● **INFORMATION PROVIDED**
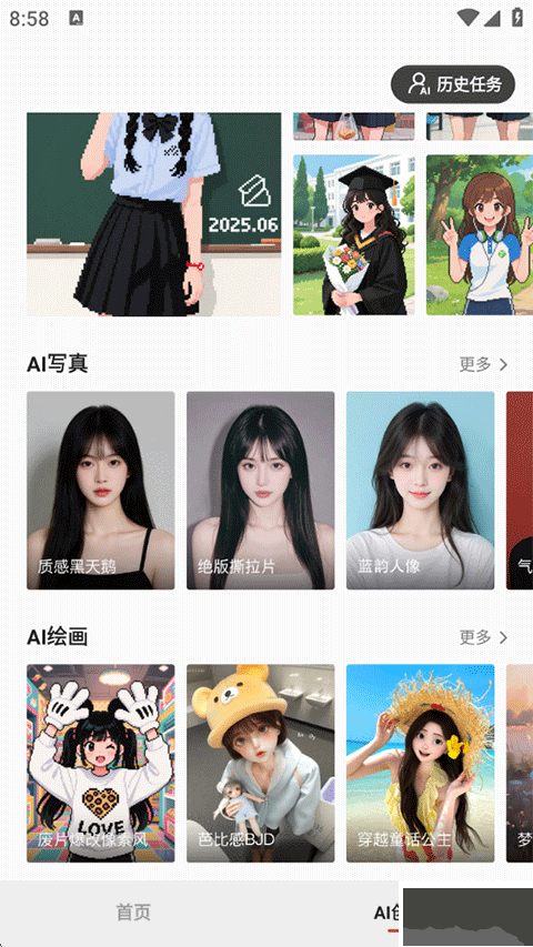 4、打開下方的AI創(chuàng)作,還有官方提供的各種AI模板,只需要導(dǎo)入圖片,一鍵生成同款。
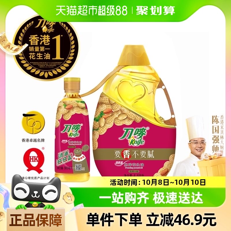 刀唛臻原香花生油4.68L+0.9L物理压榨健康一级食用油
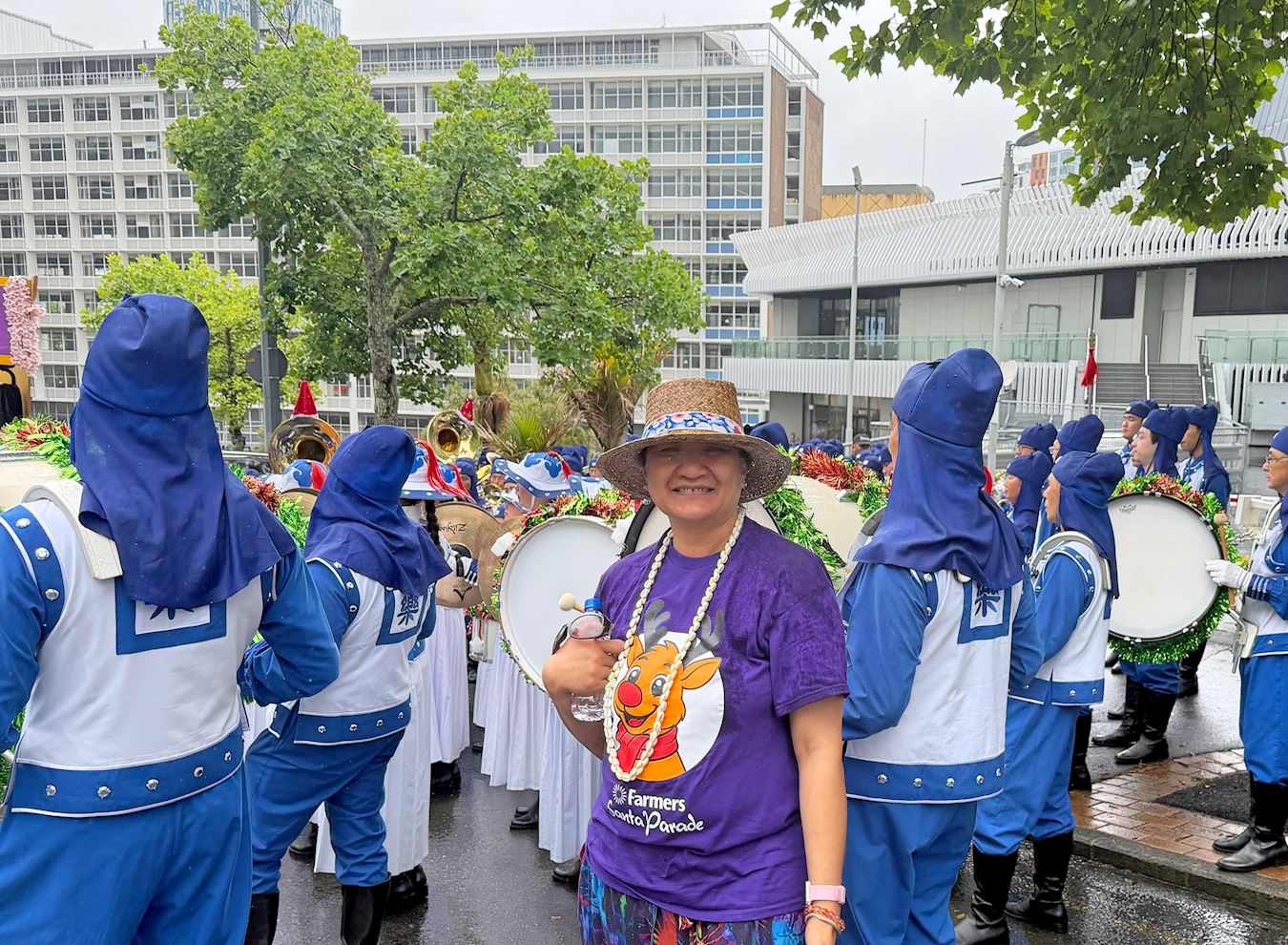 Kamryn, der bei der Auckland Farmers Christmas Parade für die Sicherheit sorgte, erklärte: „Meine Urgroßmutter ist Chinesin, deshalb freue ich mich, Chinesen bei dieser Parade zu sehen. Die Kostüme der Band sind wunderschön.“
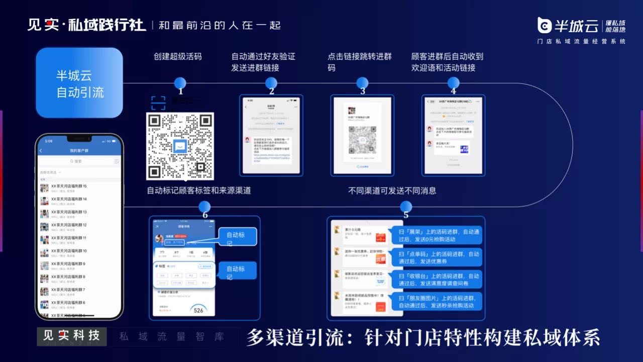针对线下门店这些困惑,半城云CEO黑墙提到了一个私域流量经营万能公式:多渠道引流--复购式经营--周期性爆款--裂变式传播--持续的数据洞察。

● **TASK DIRECTIONS**
With the pictures omitted, give every line above again exactly.

● **COMPLETED TASK**
 4、打開下方的AI創(chuàng)作,還有官方提供的各種AI模板,只需要導(dǎo)入圖片,一鍵生成同款。
 刀唛臻原香花生油4.68L+0.9L物理压榨健康一级食用油
 Kamryn, der bei der Auckland Farmers Christmas Parade für die Sicherheit sorgte, erklärte: „Meine Urgroßmutter ist Chinesin, deshalb freue ich mich, Chinesen bei dieser Parade zu sehen. Die Kostüme der Band sind wunderschön.“
针对线下门店这些困惑,半城云CEO黑墙提到了一个私域流量经营万能公式:多渠道引流--复购式经营--周期性爆款--裂变式传播--持续的数据洞察。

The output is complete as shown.